Records contained in a dataset:
------------------------------------
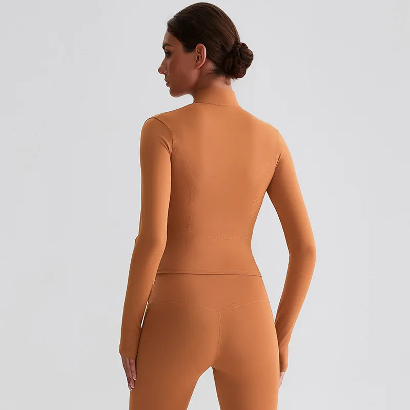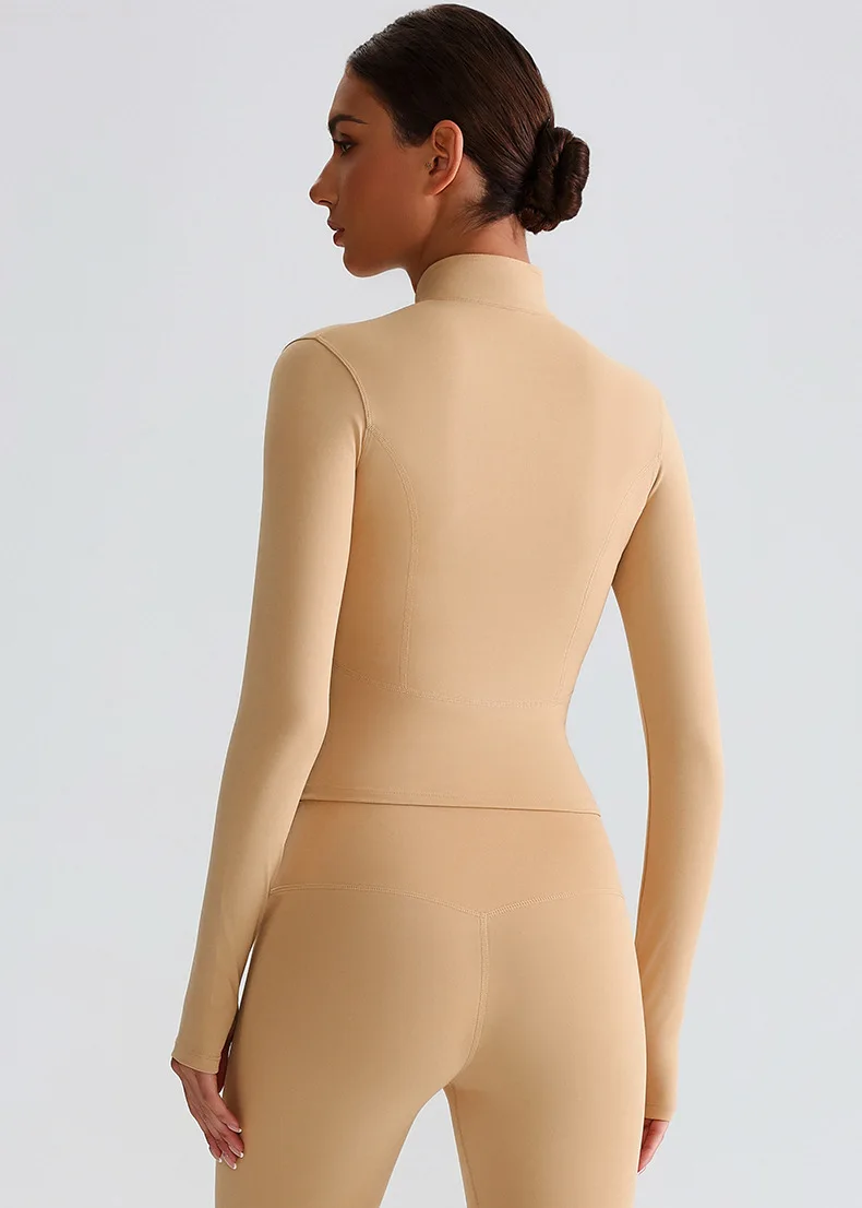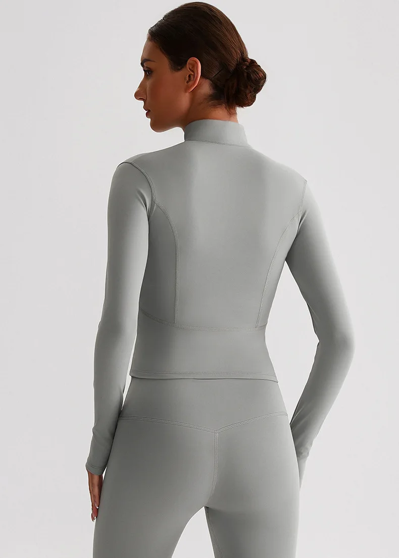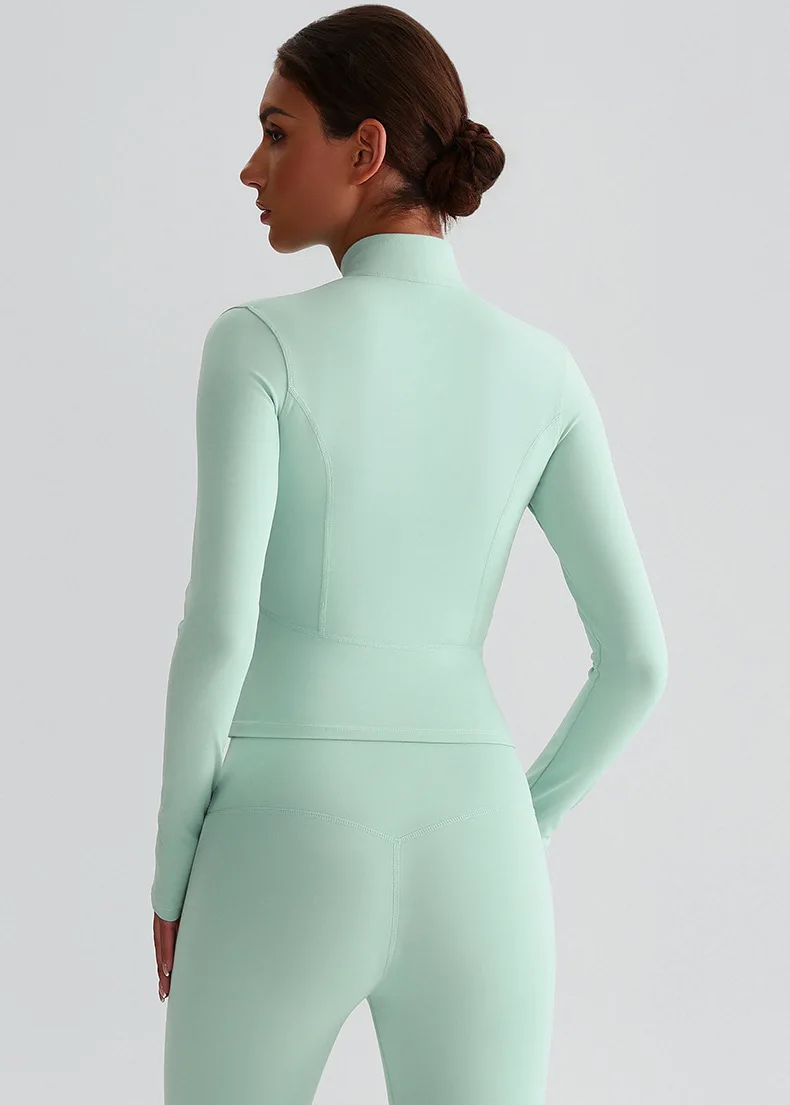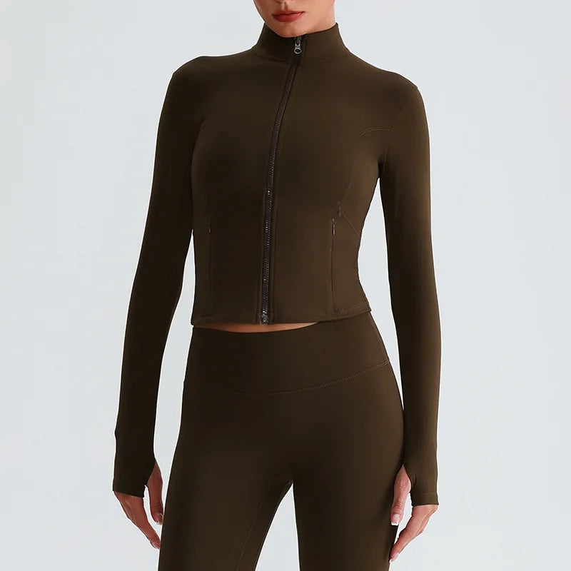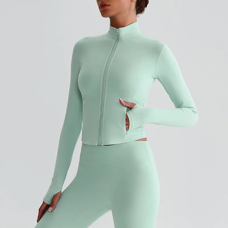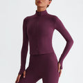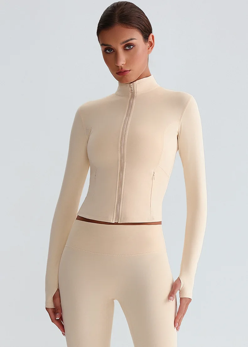 Solid Color Women Sport Jacket Long Sleeve Zip Gym High Neck Zipper With pocket Coat Fitness Top Comprehensive Training Sportwea
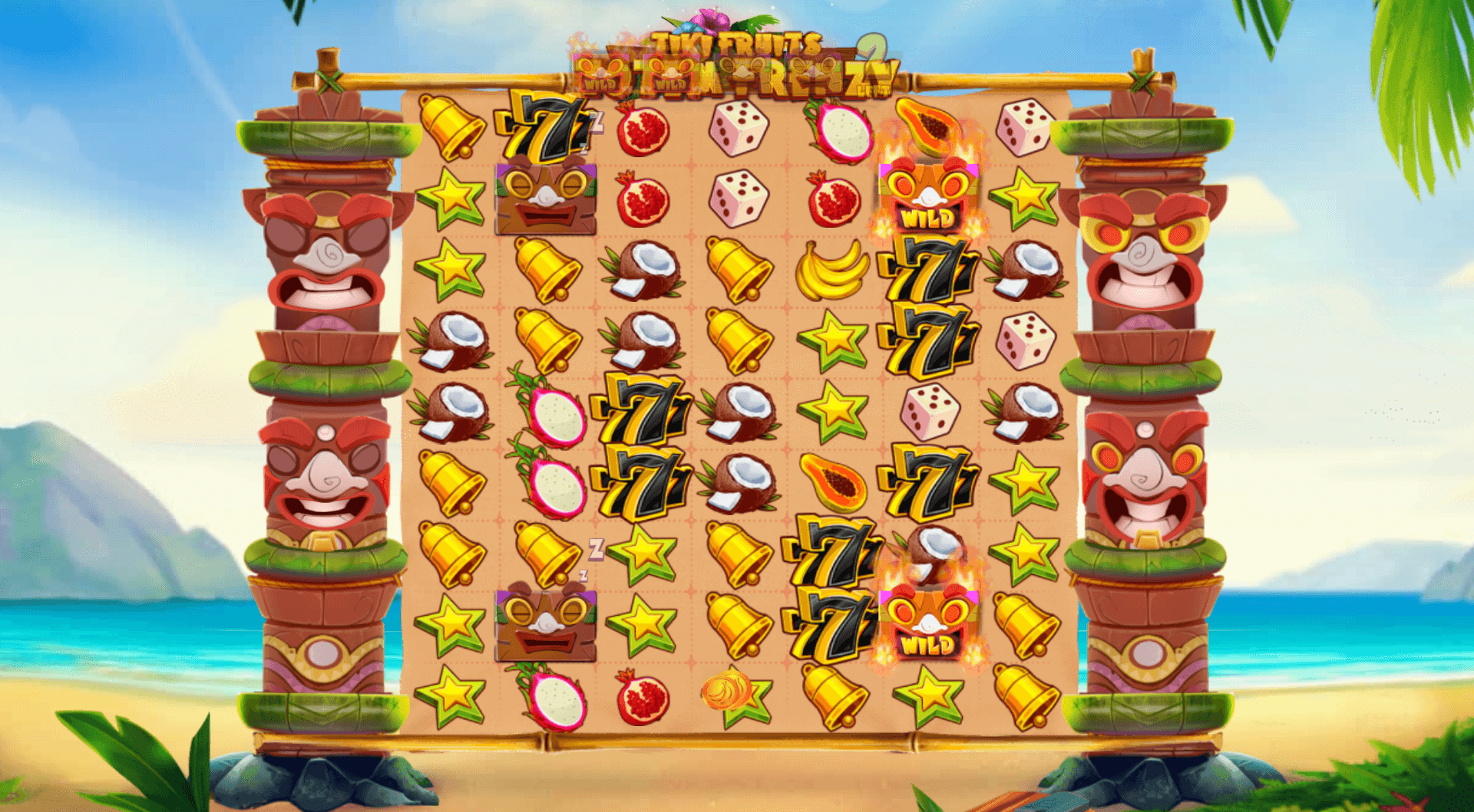 เกมดังกล่าวมีมาสก์ Tiki 4 อันที่ถูกล็อคไว้ที่ตำแหน่งเดียวกันบนตารางตลอดเวลา หากคุณชนะถัดจากหนึ่งในนั้น หน้ากากนั้นจะตื่นขึ้นและกลายเป็นWilds Wilds เหล่านี้สามารถเข้าย่อยเพื่อรับสัญลักษณ์การจ่ายทั้งหมดเพื่อช่วยสร้างคลัสเตอร์ที่ชนะ หากคุณปลุกทั้ง 4 คนได้ คุณจะเริ่ม Tiki Spins
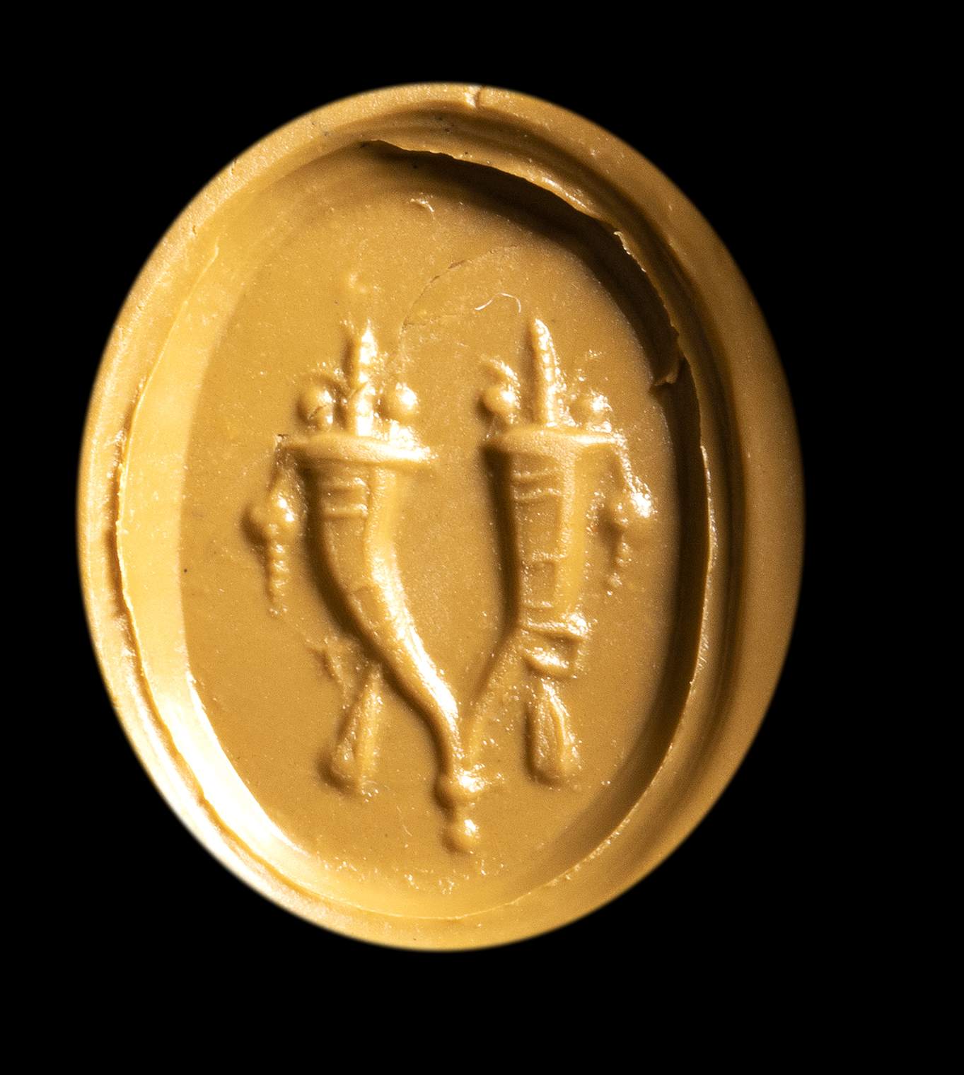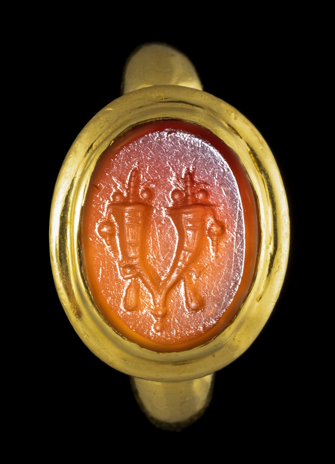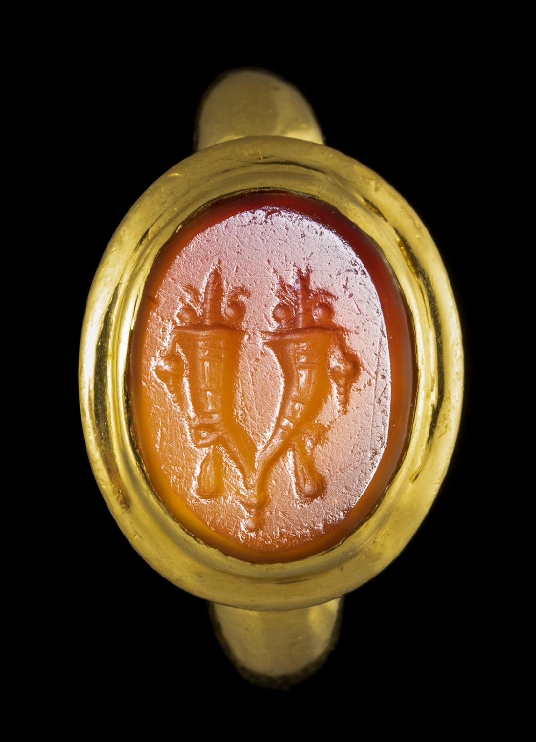 AN ITALIC CARNELIAN INTAGLIO SET IN A MODERN GOLD RING. DOUBLE CORNUCOPIA.
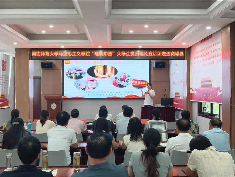 为深入贯彻习近平总书记在河南考察时重要讲话精神,落实校地结对帮扶工作部署,7月17日,马克思主义学院师生赴信阳市商城县开展党建引领基层高效能治理主题理论宣讲。商城县委宣传部常务副部长夏涛、马克思主义学院相关负责人、马克思主义学院大学生党员宣讲团师生代表以及商城县赤城街道、鲇鱼山街道分管领导、村(社区)党支部书记40余人参加活动。
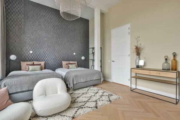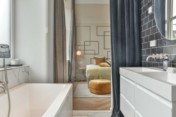 A través de la entrada segura en la planta baja, se accede al apartamento por ascensor o escaleras en el primer piso. El ascensor se abre directamente al apartamento. A través del pasillo se accede a la fantástica sala de estar. Con techos altos, antiguos detalles y un hermoso suelo de roble en espiga, es un placer estar aquí. La cocina abierta hecha a medida está completamente equipada. La logia es un lugar maravilloso, tanto en verano como en invierno. El apartamento tiene tres dormitorios, dos baños y un aseo separado. El apartamento está equipado con armarios empotrados a medida. Todo el apartamento tiene calefacción por suelo radiante. Se pueden alquilar tres plazas de aparcamiento en el garaje por un costo adicional. ¡Una casa lujosa en una gran ubicación!
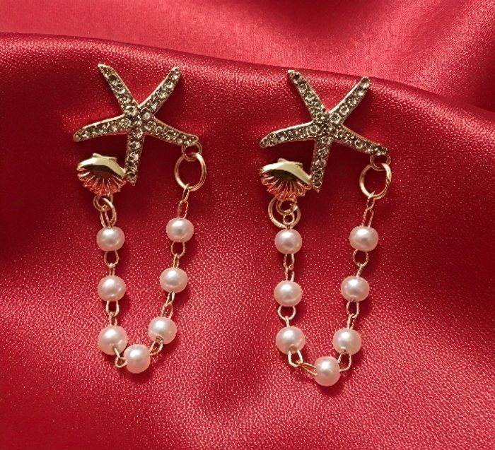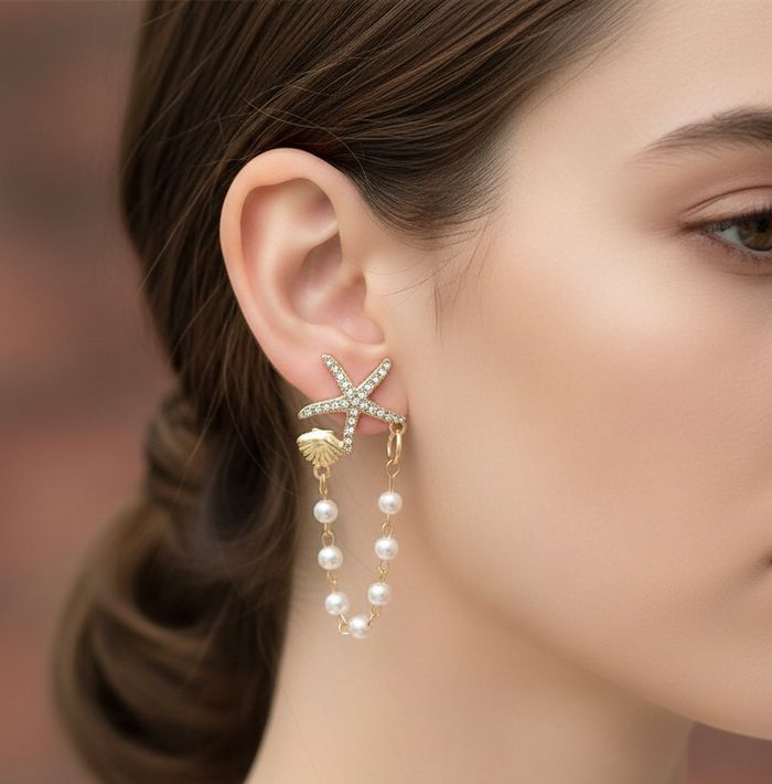 Top bijoux femme boucle d'oreilles coquillage étoile perle vendu avec pochette - photo numéro 1
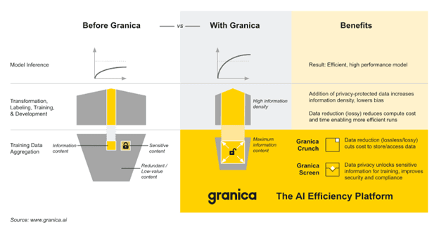 The rise of AI has driven growth in the data needed to pre-train, finetune, prompt-tune, and inference models in production, along with exploding costs across the emerging AI stack that are linked to the quantity & heterogeneity of data, size of models (parameters from the many billions to 1T+), time spent fixing model misbehaviors & drifts, and general complexity in scaling & deploying AI. Much of these costs are fundamentally driven by data inefficiency, as training data with low information value has proliferated. Such data often contains significant redundancy and sensitive information including personally identifiable information (PII) that increase costs, legal/compliance risk, and the time it takes to move data through the AI pipeline. Cutting these inefficiencies requires a new layer in the AI stack purpose-built to reduce redundant, low value, and sensitive data while increasing information density and improving the bias & performance of models. Granica is building this efficiency layer across the AI stack.
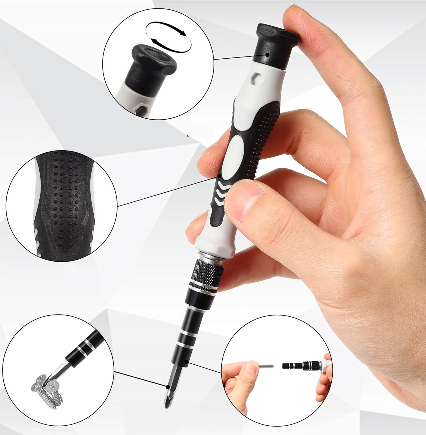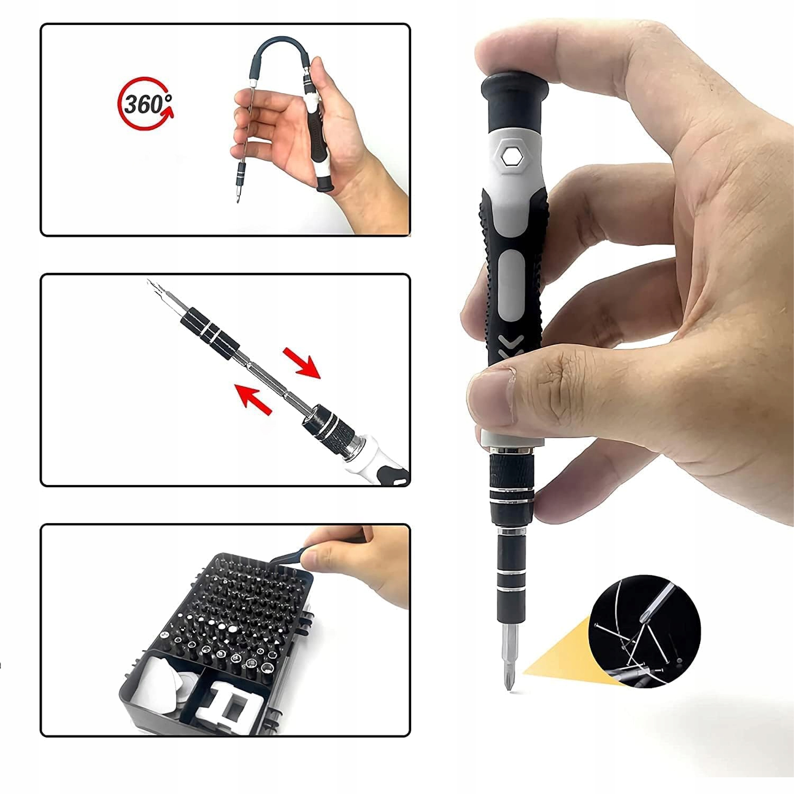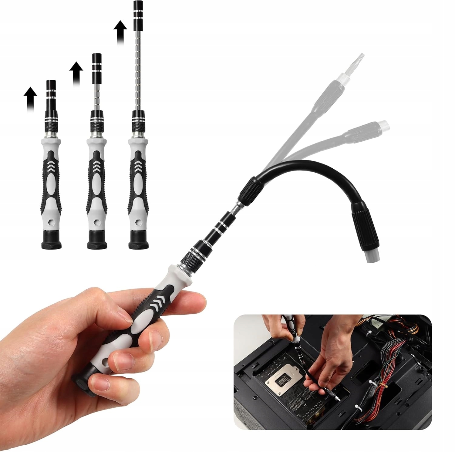 Гибкий удлинитель может быть повернут на 360 ° , что позволяет вам добраться до каждого даже самого сложного места, Точные пинцеты помогают собирать небольшие крепежные элементы, всасывающие чашки и штифт для удаления SIM -карт идеально подходят для телефона и таблетов.
------------------------------------
> **WHAT IS BEING ASKED**
Only the pictures are to be excluded; all other parts of the records above are to be given exactly.

> **OUTPUT**
 Solid Color Women Sport Jacket Long Sleeve Zip Gym High Neck Zipper With pocket Coat Fitness Top Comprehensive Training Sportwea
 เกมดังกล่าวมีมาสก์ Tiki 4 อันที่ถูกล็อคไว้ที่ตำแหน่งเดียวกันบนตารางตลอดเวลา หากคุณชนะถัดจากหนึ่งในนั้น หน้ากากนั้นจะตื่นขึ้นและกลายเป็นWilds Wilds เหล่านี้สามารถเข้าย่อยเพื่อรับสัญลักษณ์การจ่ายทั้งหมดเพื่อช่วยสร้างคลัสเตอร์ที่ชนะ หากคุณปลุกทั้ง 4 คนได้ คุณจะเริ่ม Tiki Spins
 AN ITALIC CARNELIAN INTAGLIO SET IN A MODERN GOLD RING. DOUBLE CORNUCOPIA.
 为深入贯彻习近平总书记在河南考察时重要讲话精神,落实校地结对帮扶工作部署,7月17日,马克思主义学院师生赴信阳市商城县开展党建引领基层高效能治理主题理论宣讲。商城县委宣传部常务副部长夏涛、马克思主义学院相关负责人、马克思主义学院大学生党员宣讲团师生代表以及商城县赤城街道、鲇鱼山街道分管领导、村(社区)党支部书记40余人参加活动。
 A través de la entrada segura en la planta baja, se accede al apartamento por ascensor o escaleras en el primer piso. El ascensor se abre directamente al apartamento. A través del pasillo se accede a la fantástica sala de estar. Con techos altos, antiguos detalles y un hermoso suelo de roble en espiga, es un placer estar aquí. La cocina abierta hecha a medida está completamente equipada. La logia es un lugar maravilloso, tanto en verano como en invierno. El apartamento tiene tres dormitorios, dos baños y un aseo separado. El apartamento está equipado con armarios empotrados a medida. Todo el apartamento tiene calefacción por suelo radiante. Se pueden alquilar tres plazas de aparcamiento en el garaje por un costo adicional. ¡Una casa lujosa en una gran ubicación!
 Top bijoux femme boucle d'oreilles coquillage étoile perle vendu avec pochette - photo numéro 1
 The rise of AI has driven growth in the data needed to pre-train, finetune, prompt-tune, and inference models in production, along with exploding costs across the emerging AI stack that are linked to the quantity & heterogeneity of data, size of models (parameters from the many billions to 1T+), time spent fixing model misbehaviors & drifts, and general complexity in scaling & deploying AI. Much of these costs are fundamentally driven by data inefficiency, as training data with low information value has proliferated. Such data often contains significant redundancy and sensitive information including personally identifiable information (PII) that increase costs, legal/compliance risk, and the time it takes to move data through the AI pipeline. Cutting these inefficiencies requires a new layer in the AI stack purpose-built to reduce redundant, low value, and sensitive data while increasing information density and improving the bias & performance of models. Granica is building this efficiency layer across the AI stack.
 Гибкий удлинитель может быть повернут на 360 ° , что позволяет вам добраться до каждого даже самого сложного места, Точные пинцеты помогают собирать небольшие крепежные элементы, всасывающие чашки и штифт для удаления SIM -карт идеально подходят для телефона и таблетов.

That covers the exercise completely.